Where ever i read anything about lizardmen, i always see someone tallking about their save never being able to be less than 6+, is this regarding some special rule or what?


----------



## Erie Ed (Feb 21, 2009)

If I'm correct for sarus warriors I believe they have +5 from scaly skin, then +4 from shield, and +3 for hand weapon...that is of course if I'm correct.


----------



## NagashKhemmler (Apr 28, 2009)

Erie Ed said:


> If I'm correct for sarus warriors I believe they have +5 from scaly skin, then +4 from shield, and +3 for hand weapon...that is of course if I'm correct.


That's correct, essential heavy armour + shield. HWS brings them to 3+ from the front only, side attacks reduce them to a 4+. A S7/S6 attack will still reduce them to no armour save however, or alternative weaponry, such as a stone thrower or cannon.


----------



## Erie Ed (Feb 21, 2009)

NagashKhemmler said:


> That's correct, essential heavy armour + shield. HWS brings them to 3+ from the front only, side attacks reduce them to a 4+. A S7/S6 attack will still reduce them to no armour save however, or alternative weaponry, such as a stone thrower or cannon.


Not bad for doing that from memory


----------



## Void_Dragon (Jun 11, 2009)

No, that's wrong.

Saurus Warriors and Saurus Cavalry have "Scaly Skin 6+". Then with HW/S they get 5, 4+ in combat from front.

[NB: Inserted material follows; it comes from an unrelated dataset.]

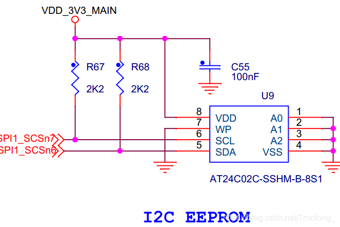 U9是1个I2C总线接口的EEPROM,型号为AT24C02C,容量是256Bytes,地址是0x50(高7位)。以下为EEPROM的电路图:
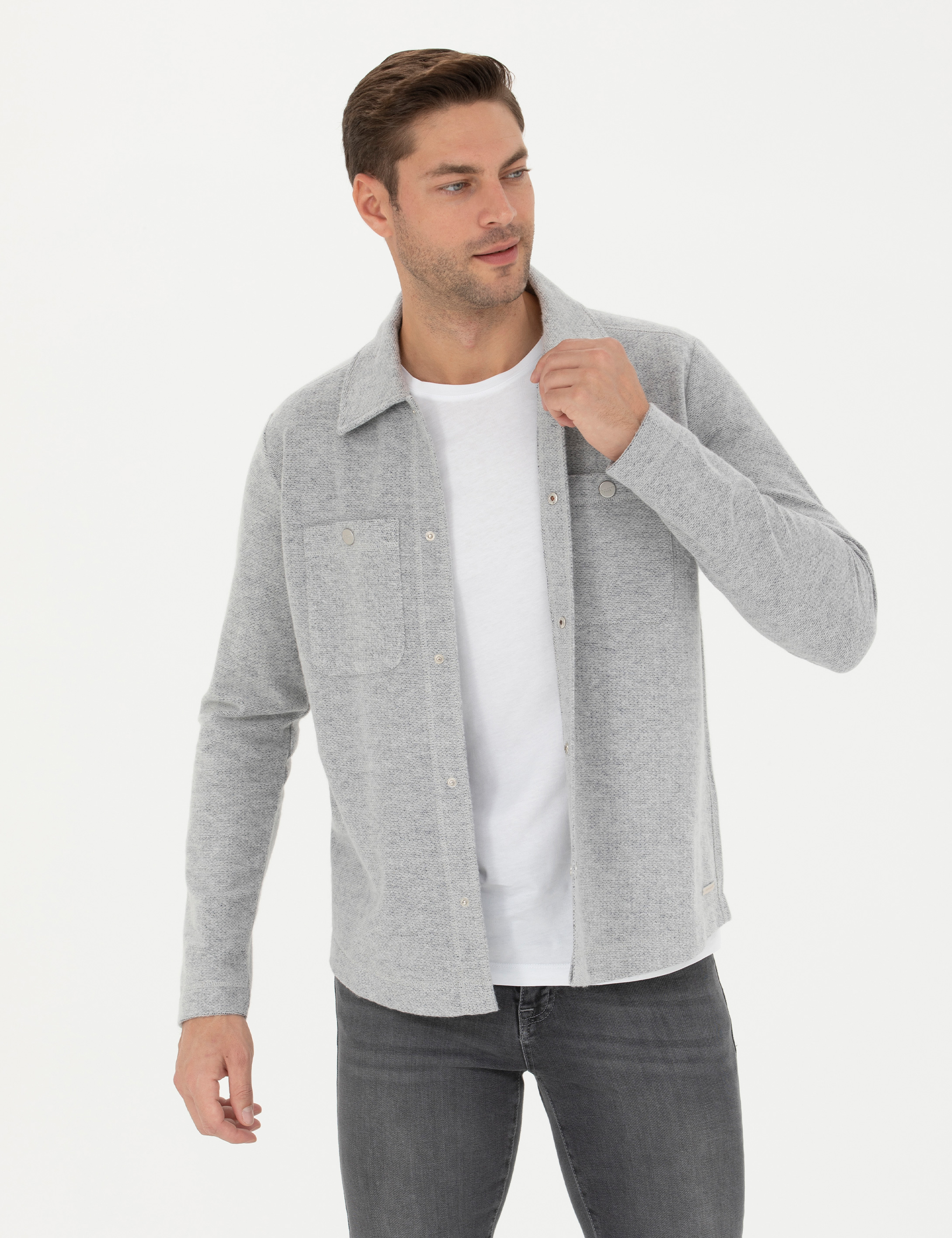 - Gri Melanj Klasik Yaka Çift Cepli Regular Fit Örme Gömlek Ceket

Temple Guard, Saurus Scar-Veterans, and Saurus Oldbloods have "Scaly Skin 5+".

You can increase a Saurus Warrior unit's Scaly Skin to 5+ with a blessed spawning, but this makes them a Special choice.


----------



## Fatality (Oct 8, 2008)

No sarus warriors have a 5+...


----------



## Erie Ed (Feb 21, 2009)

Fatality said:


> No sarus warriors have a 5+...


That is correct I'm looking right at the book and they have a 5+ Scaly Skin


----------



## fastchocolatesurprise (Jun 28, 2009)

Indeed. Just flipped through the book. Saurus 5+, Old Blood 4+. Note that Saurus heroes and lords can take light armor and temple guard have it standard. as per the rulebook scaly skin stacks with armor.That means temple guard , if using their hand weapons and shields instead of halberds, are 2+ in HtoH:shok:. (5+ skin, 1 for shield, 1 for armor and 1 for hw and shield in HtoH).


----------



## NagashKhemmler (Apr 28, 2009)

lol and people say GW doesn't buff new armies to improve sales...


----------



## Mutants_ho! (Jul 3, 2008)

I believe in previous editions it was w/ blessed spawnings, but those no longer exist and +5 scaly skin is standard now.


----------